In 18 of the 21 included patients, results of serum electrolytes were available, of the available results, half had both hypokalaemia and hypochloraemia (Fig. 1), whereas 3 (16.7%) of the patients had normal serum electrolytes.
Fig. 1
Fig. 1

Distribution of serum electrolyte abnormalities at presentation into hypokalaemia, hyponatremia, hypochloraemia, both hypokalaemia and hypochloraemia and normal serum electrolytes

Management and outcome

All the patients in this study were surgically managed by Fredet-Ramstedt pyloromyotomy following resuscitation. The median preoperative hospital stay was 4.7 ± 1.1 days with a range of 2–12 days. During this preoperative period, fluid and electrolyte abnormalities, dehydration as well as anaemia were corrected prior to surgery. Fluid and electrolytes were corrected using ringers lactate and glucose 5%.

General anaesthesia was the main form of anaesthesia used in all the patients. The surgical opening was by supra-umbilical transverse incision in 17 (80.1%) of the cases while in 4 (19.9%) of the cases subcostal incision was used. There were 2 (9.5%) intra-operative mucosal (duodenal) perforations. Post-operatively, test feeds were started within 12 h of surgery in 16 (76.2%) of the infants and within 12–24 h in 3 (14.3%) participants. Two (9.5%) participants who had intraoperative perforations were kept nil per os for more than 24 h. A total of 13 complications were noted in 6 participants. These complications included post-operative 6 (28.6%) vomiting, 2 (9.5%) surgical site infections, 2 (9.5%) paralytic ileus (2, 9.5%) sepsis and 1 (4.8%) wound dehiscence (1, 4.8%). Two cases of death were registered in the series given a case fatality rate of 9.5%. The major causes of death were severe sepsis in the postoperative period in one case as a result of intra-operative perforation and severe dehydration and electrolyte imbalance not corrected before surgery in the other case. The mean postoperative hospital stay was 4.2 ± 1.6 days with a range of 3–12 days. According to univariate logistic regression analysis: severe dehydration on admission [OR = 5.41, 95% CI (3.11–6.97), p = 0.002], hypokalaemia on admission [OR = 2.63, 95% CI (1.02–5.91), p = 0.042] and surgical site infection [OR = 3.12, 95% CI (1.22–5.64), p = 0.023] were the main predictors of mortality whereas postoperative hospital length of stay > 5 days was significantly associated with surgical site infection [OR = 2.44, 95% CI (1.12–6.44), p = 0.002] and postoperative nausea and vomiting [OR = 3.64, 95% CI (1.18–6.64), p = 0.022].

Discussion

Infantile hypertrophic pyloric stenosis (IHPS) was first described by Harald Hirschsprung in 1888 [8]. It is the most common cause of gastric outlet obstruction in infancy and the most common surgical emergency in a new born [9]. In this cross sectional descriptive study, the authors described their experience of the presentation and management of infantile hypertrophic pyloric stenosis in two tertiary health care centres in Cameroon.

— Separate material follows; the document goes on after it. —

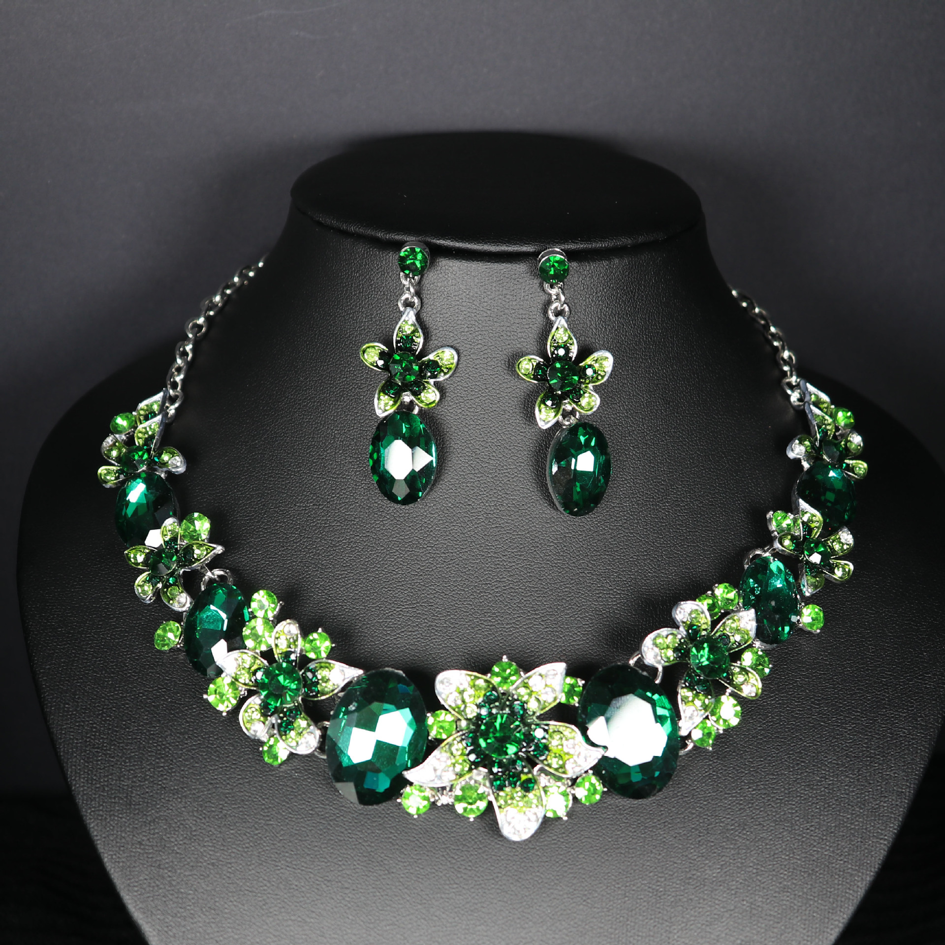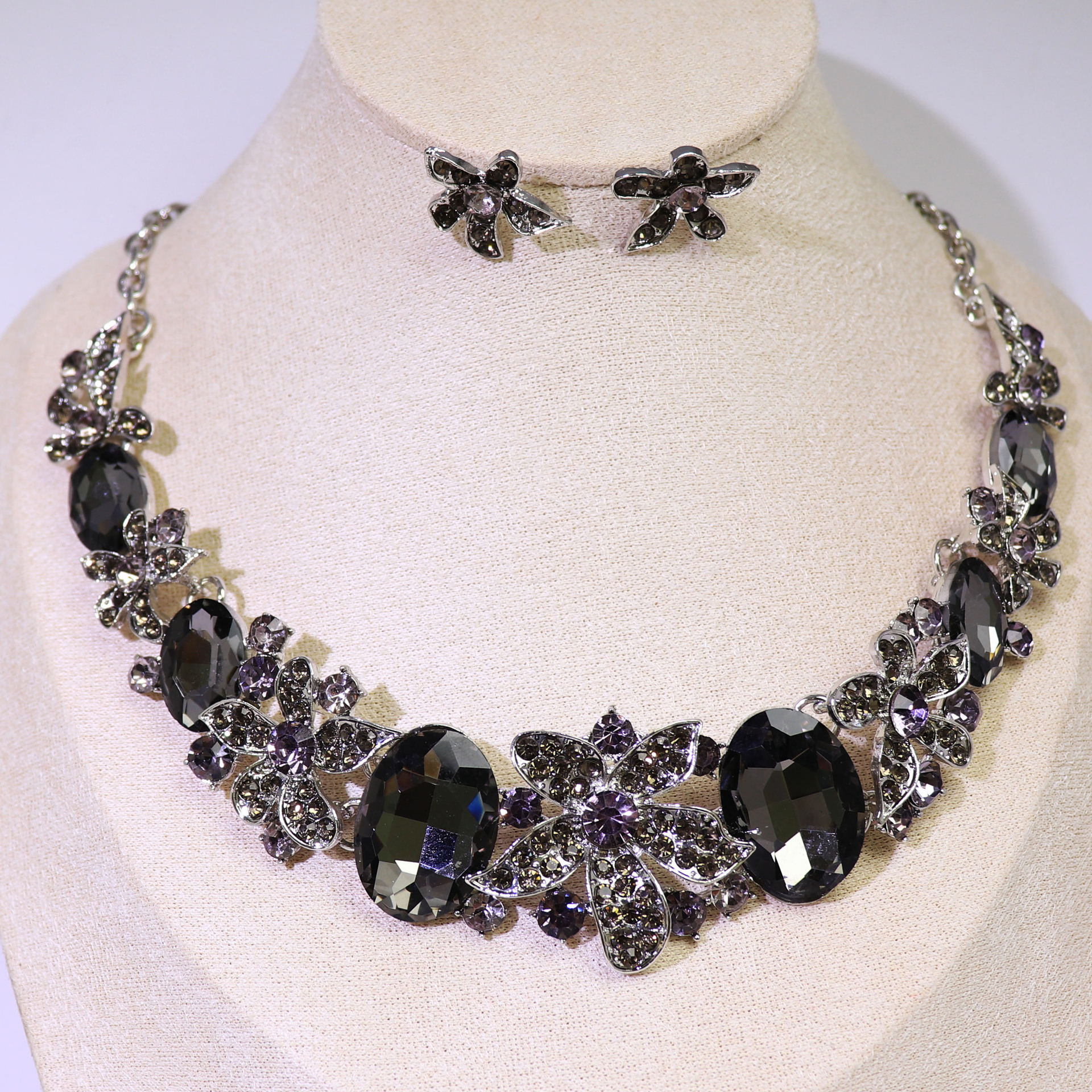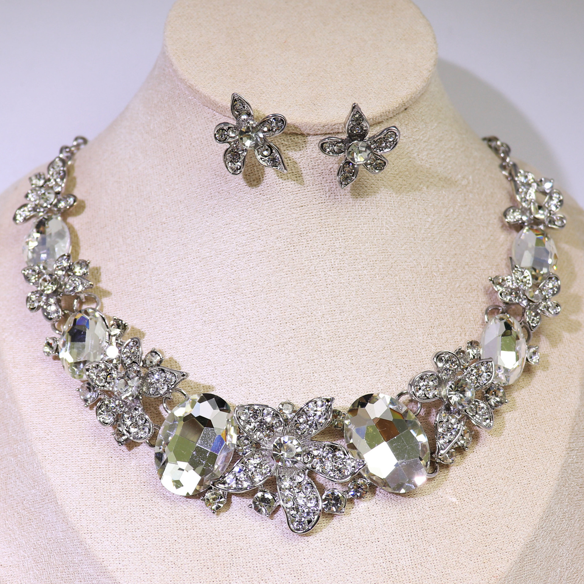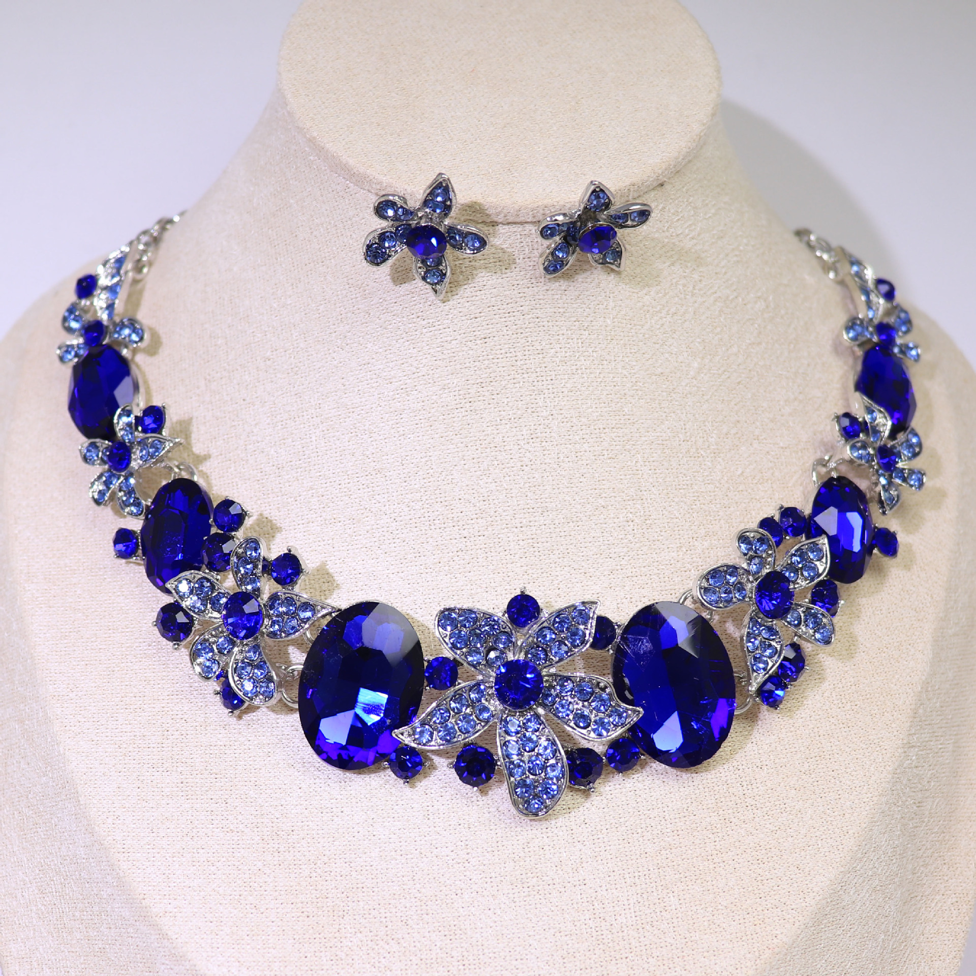 | nameOriginal | Europe and the United States new cross-border foreign trade goods earrings chain 2-piece crystal glass alloy dress accessories women's necklace |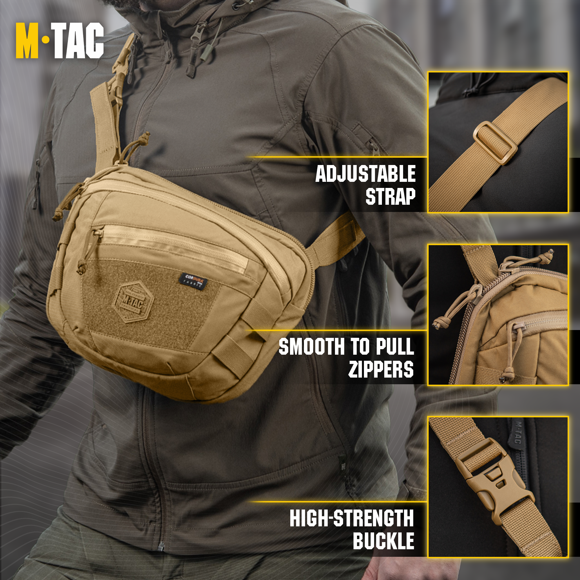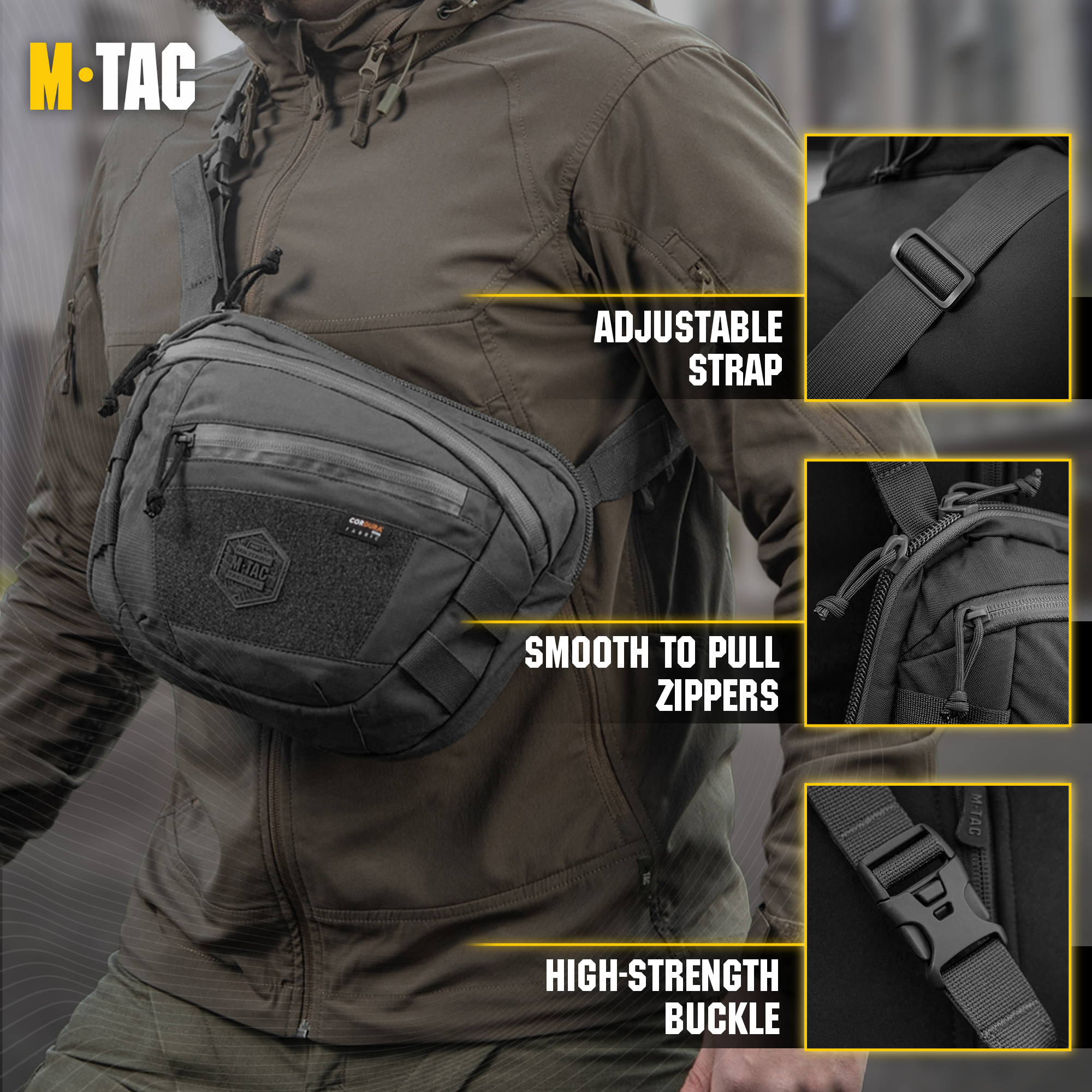 The Sphaera Hardsling Bag Large Elite from M-Tac has a stylish appearance and carefully thought-out functionality. It is made of Cordura 500D, a high-quality material, resistant to abrasion, mechanical damage and high loads. The zippers and buckles are from YKK and Woojin, world leaders in the production of accessories. This model has an adjustable shoulder strap, so the bag can be comfortably carried over the shoulder. The carefully designed compartments can accommodate all your essential items. The bag also includes a compartment for the concealed carry of weapons, while still enabling quick access. In this version, the designers have changed the location of the front pocket and added a stylish hexagon with the company logo. MOLLE straps are provided on both sides of the bag for attaching additional equipment. There is a special phone pocket on the back. The front loop panel will allow you to attach your favorite patches. The Sphaera Hardsling Bag Large Elite sits comfortably on the body and does not take up much space. All connoisseurs of convenience and practicality will definitely like this accessory.

Males were predominantly affected with a male female sex ratio of 4.25:1 which is comparable to the global male female sex ratio of 4–6:1 [3]. This male predominance is equally similar to results gotten from other recent studies [7, 10]. There disorder was more common among first born infants at a rate of 47.6% compared to higher orders children. This means almost half of the cases of IHPS occur in first born children. This is similar to a study done in Ethiopia in 2014 by Tadesse and Gadisa where 56.4% occurred in first born infants [7]. The mean age of presentation of 5.2 weeks is consistent with findings in global literature [2, 11], and in findings from recent studies in Ethiopia and Tanzania [7, 10].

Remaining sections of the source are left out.